Reputation: 4143
I want to train a Tensorflow neural network on a large data-set of 100 millions rows with around 15000 features per row. Training on a single machine would likely be too slow, so I want to be running distributed.
All the distributed examples I've seen so far start with loading the whole data into memory and then sending to the slaves, which would be too expensive in my case.
Does anyone know how to set up have the slaves to stream in their training data? Currently the data is stored in Google cloud storage, but we can be flexible about this.
Upvotes: 5
Views: 3325
Reputation: 281
This can be done in two steps: 1) Index your input data properly based on task_id (or worker#) 2) Encapsulate the data retrieval in the tf.device scope (similar to inception_distributed_train.py:113)
(assuming you are using the appropriate feeders to open an iterator to your data)

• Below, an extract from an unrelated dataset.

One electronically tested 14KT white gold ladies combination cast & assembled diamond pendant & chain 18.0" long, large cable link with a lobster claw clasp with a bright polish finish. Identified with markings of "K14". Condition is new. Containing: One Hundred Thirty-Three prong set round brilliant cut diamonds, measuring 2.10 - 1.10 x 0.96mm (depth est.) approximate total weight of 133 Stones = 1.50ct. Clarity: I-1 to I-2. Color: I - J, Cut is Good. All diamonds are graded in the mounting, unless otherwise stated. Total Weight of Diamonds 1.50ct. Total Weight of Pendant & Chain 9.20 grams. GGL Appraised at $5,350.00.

Example: 1 parameter server, 4 workers, 1 input data table
Inside tf.device scope for each worker, open a handle to your data, and make sure that each worker reads a unique row. Therefore if you have n workers, make sure to advance your table iterators by n + task_id for each worker. In the example setup you will have 4 workers that start at the same base row number (0) + task_id. This means worker 0 (with task_id=0) will read row 0; worker 1 (with task_id=1) will read row 1... etc. As long as you advance the row iterator by the number of workers each will pull independently pull unique rows.
Upvotes: 0
Reputation: 4451
Although I never tried it with so many samples (just out of interest, what dataset are you training on?), I think you should use the Queuerunner objects!
They can be found on this page: https://www.tensorflow.org/programmers_guide/reading_data , in the section "Creating threads to prefetch using QueueRunner objects".
A quote on how they work:
The short version: many of the tf.train functions listed above add tf.train.QueueRunner objects to your graph. These require that you call tf.train.start_queue_runners before running any training or inference steps, or it will hang forever. This will start threads that run the input pipeline, filling the example queue so that the dequeue to get the examples will succeed. This is best combined with a tf.train.Coordinator to cleanly shut down these threads when there are errors.

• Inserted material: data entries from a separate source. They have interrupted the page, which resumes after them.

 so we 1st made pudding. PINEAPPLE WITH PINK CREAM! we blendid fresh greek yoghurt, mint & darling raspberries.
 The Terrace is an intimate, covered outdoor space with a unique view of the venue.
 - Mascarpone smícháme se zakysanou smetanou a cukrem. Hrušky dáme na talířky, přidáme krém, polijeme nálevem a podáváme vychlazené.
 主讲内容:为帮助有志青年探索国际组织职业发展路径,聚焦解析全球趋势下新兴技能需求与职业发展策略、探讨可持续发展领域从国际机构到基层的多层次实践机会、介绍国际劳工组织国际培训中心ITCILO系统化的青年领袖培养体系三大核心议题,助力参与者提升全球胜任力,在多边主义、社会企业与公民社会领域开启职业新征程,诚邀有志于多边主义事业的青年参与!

The recommended code pattern from that page to combine this is:
# Create the graph, etc.
init_op = tf.global_variables_initializer()

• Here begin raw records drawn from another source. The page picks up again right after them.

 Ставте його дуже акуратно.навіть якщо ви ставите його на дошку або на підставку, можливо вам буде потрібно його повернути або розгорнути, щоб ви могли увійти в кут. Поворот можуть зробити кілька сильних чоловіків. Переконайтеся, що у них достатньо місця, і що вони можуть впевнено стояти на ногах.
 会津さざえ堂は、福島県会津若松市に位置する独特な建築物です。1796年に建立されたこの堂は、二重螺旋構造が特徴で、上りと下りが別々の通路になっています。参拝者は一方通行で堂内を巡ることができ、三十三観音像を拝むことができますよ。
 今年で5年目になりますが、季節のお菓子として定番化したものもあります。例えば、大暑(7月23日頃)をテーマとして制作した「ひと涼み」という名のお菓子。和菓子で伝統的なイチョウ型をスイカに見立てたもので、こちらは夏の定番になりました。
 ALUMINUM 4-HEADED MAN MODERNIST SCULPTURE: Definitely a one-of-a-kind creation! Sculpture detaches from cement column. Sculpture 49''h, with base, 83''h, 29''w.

# Create a session for running operations in the Graph.
sess = tf.Session()
# Initialize the variables (like the epoch counter).
sess.run(init_op)
# Start input enqueue threads.
coord = tf.train.Coordinator()
threads = tf.train.start_queue_runners(sess=sess, coord=coord)
try:
while not coord.should_stop():
# Run training steps or whatever
sess.run(train_op)
except tf.errors.OutOfRangeError:
print('Done training -- epoch limit reached')
finally:
# When done, ask the threads to stop.
coord.request_stop()
# Wait for threads to finish.
coord.join(threads)
sess.close()
Although Stackoverflow always likes complete explanations instead of links to relevant pages, there is way more information on the page I linked above!
Would love to know if this solved your problem, and good luck!
Upvotes: 1